The truth about Right to Work, Prevailing Wage is finally told
"For years this legislative leadership declared that Right to Work and repeal of Prevailing Wage would bring economic prosperity to West Virginia, and one of the loudest of those voices has been Mitch Carmichael's," WV AFL-CIO President Josh Sword said. "Now that the governor has hired Mitch to lead the charge on improving our state's dire economic situation, we certainly hope he would acknowledge what the governor has said about those unsuccessful policies and adopt a new approach."
Twice during online town hall meetings last week, the governor referred to both Right to Work and repeal of Prevailing wage as economic development efforts that simply flopped.
"We passed the right-to-work law in West Virginia. And we ran to the windows looking to see all the people that were going to come -- and they didn't come. We got rid of prevailing wage. We changed our corporate taxes and we've done a lot of different things. And we've run to the windows and they haven't come," Justice said. "We've absolutely built the field in a lot of different places thinking build the field and they'll come, and they didn't come."
Ken Hall, Teamsters Local 175 President and General Secretary-Treasurer of the Teamsters international, was on the front lines of the fight to prevent the Legislature from passing those bills and testified during the legal challenge of Right to Work about how that law does nothing to protect worker rights or bring new business to the state.

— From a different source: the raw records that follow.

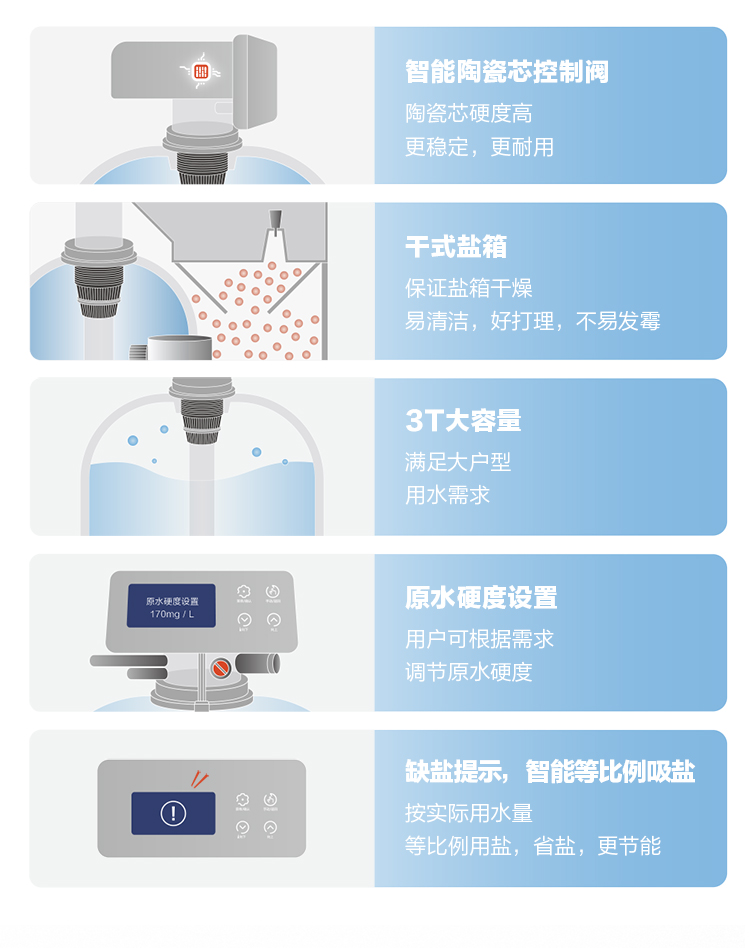 • 逆流再生技術,再生軟化效果好
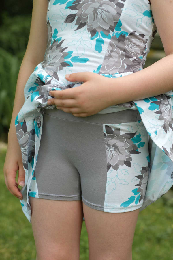 Included with both Kids & Adults sizes of the pattern are optional shorties. These shorties come with a contour waistband, a gusset for extra comfort, side pockets, and two inseam lengths. Perfect for layering under your dress or rocking on their own.
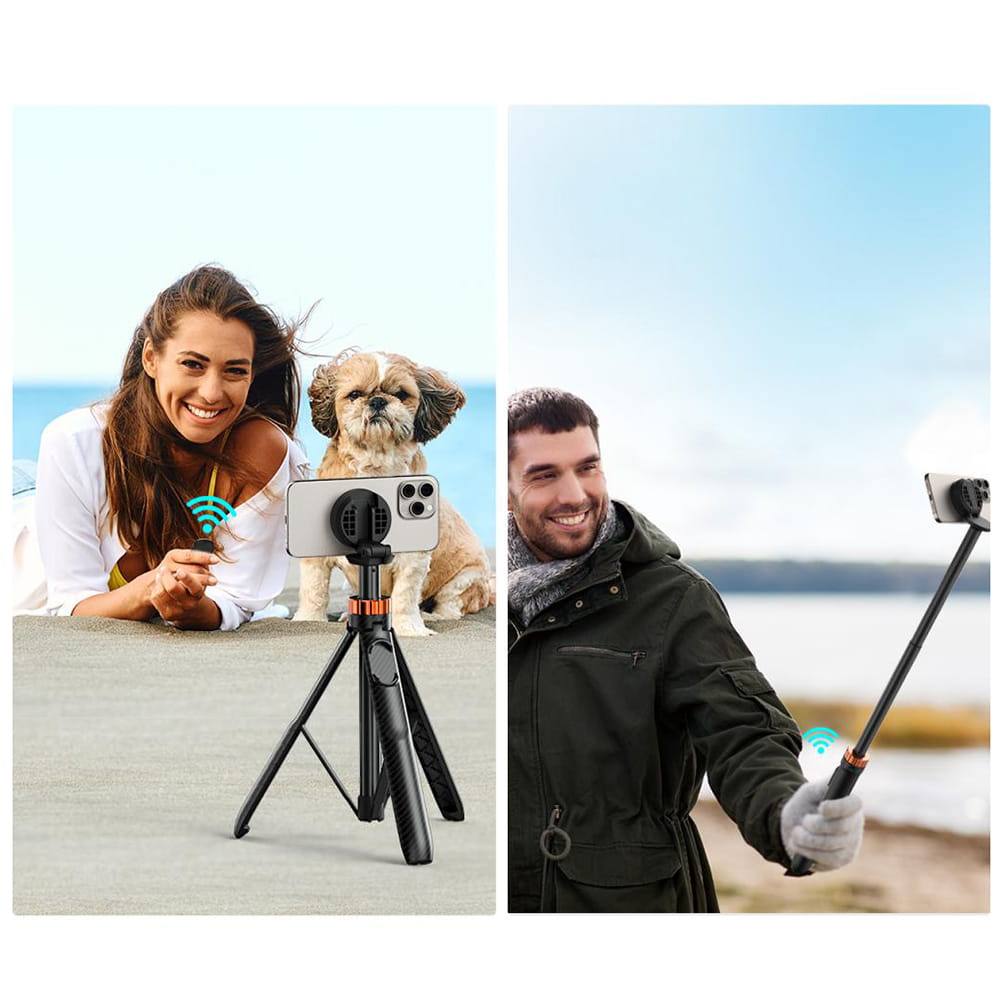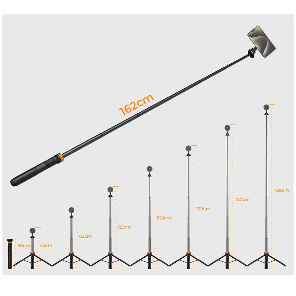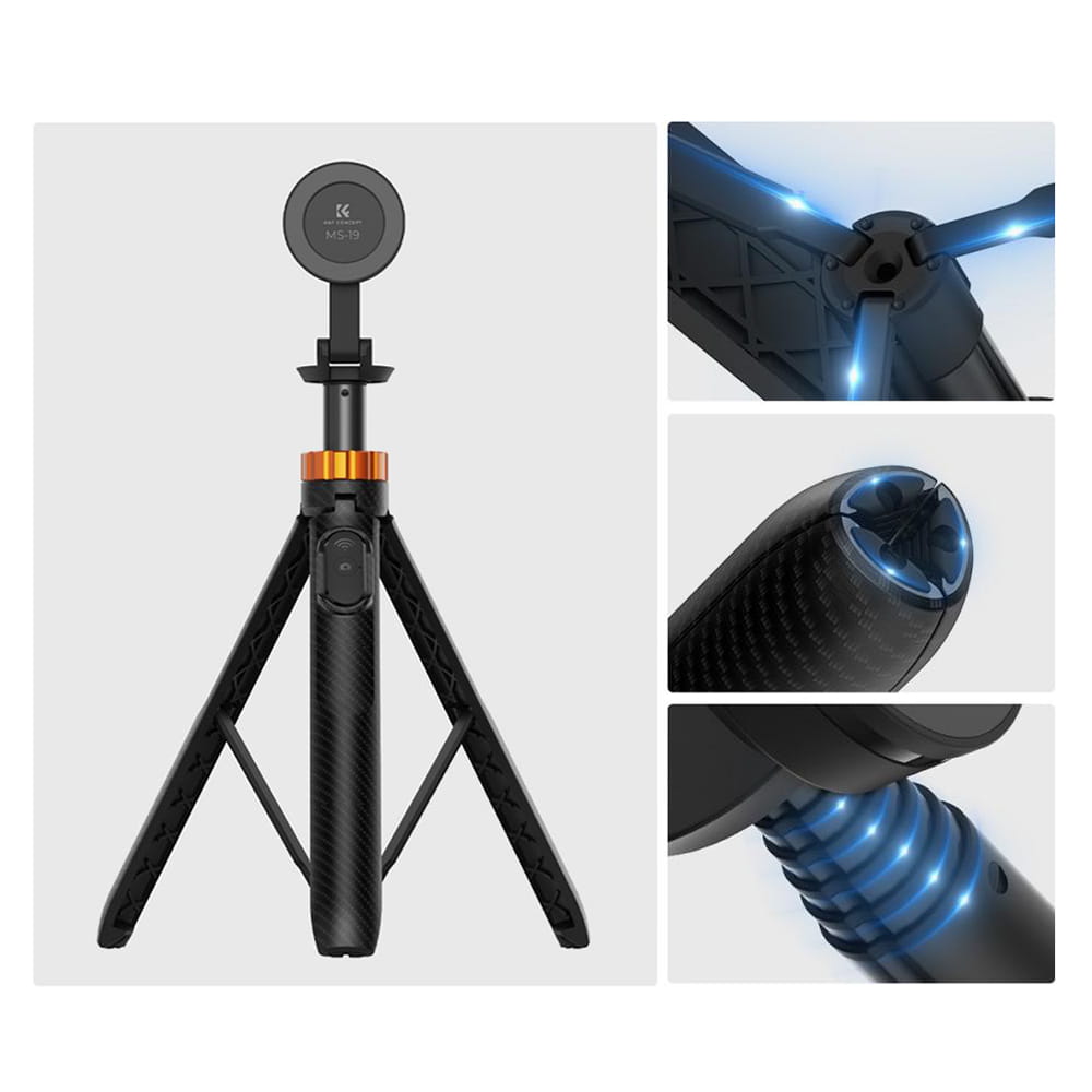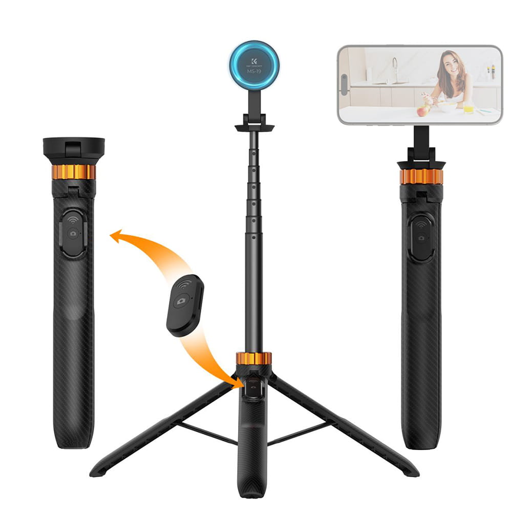 Statyw do telefonu z mocowaniem magnetycznym K&F Concept MS-19 to doskonałe akcesorium dla twórców cyfrowych, dla których głównym narzędziem pracy jest smartfon. Może pełnić funkcję tradycyjnego tripodu oraz wysięgnika selfie. Szeroka skala regulacji (159 cm jako tripod i aż 162 cm jako wysięgnik!) oraz dołączony pilot Bluetooth sprawiają, że może towarzyszyć nam w każdej sytuacji - również wtedy, gdy podczas nagrywek nie towarzysz nam druga osoba.

"We always knew Right-to-work wouldn't create jobs. It is only an attack on unions, plain and simple -- union jobs that provide fair wages and benefits to workers," Hall said. "It's been the same in other states. Oklahoma enacted it in 2001 with the promise of large increases in the number of new companies and jobs coming into the state. Fourteen years later, economic studies showed there were no significant effects on job growth or wages as a result."
The Prevailing Wage repeal, which took effect in May 2016, eliminated using average wage requirements on new public construction projects. Steve White, director of West Virginia Affiliated Construction Trades, said repealing the Prevailing Wage has only meant taking wages from 30,000 West Virginia construction workers and giving them to out-of-area contractors and their imported workers.
"What we've seen as a result is poor quality construction, significant delays, cost overruns, low wages, the elimination of benefits, and safety citations -- all of which we believe are attributed to the repeal of prevailing wage," White said. "It's bad for workers and local contractors, and bad for the economy."
WV AFL-CIO Secretary-Treasurer Andy Walters noted that Mitch Carmichael, first as majority leader then as Senate president, promised that Right to Work and repeal of Prevailing Wage would bring thousands of jobs to West Virginia.
"After being voted out of office in the Republican Primary, he has now been given a job -- one that has the potential to significantly increase his state pension and is being elevated to a cabinet level position -- to carry out the governor's vision for our state's economy," Walters said. "Seeing how the Justice administration considers Right to Work and the absence of prevailing wage to be failed policies, he should work with the Legislature to reverse them."
Sword said such a move would make sense.
"Just two years ago, Mitch Carmichael indicated he didn't want to see Justice re-elected to a second term because he didn't 'want four more years of this type of leadership — or lack of leadership — at the governor's mansion.'" Sword said. "Having taken this economic development position with Justice, we can only assume he's done a 180 on his view of Justice's leadership, as well as on Right to Work and Prevailing Wage."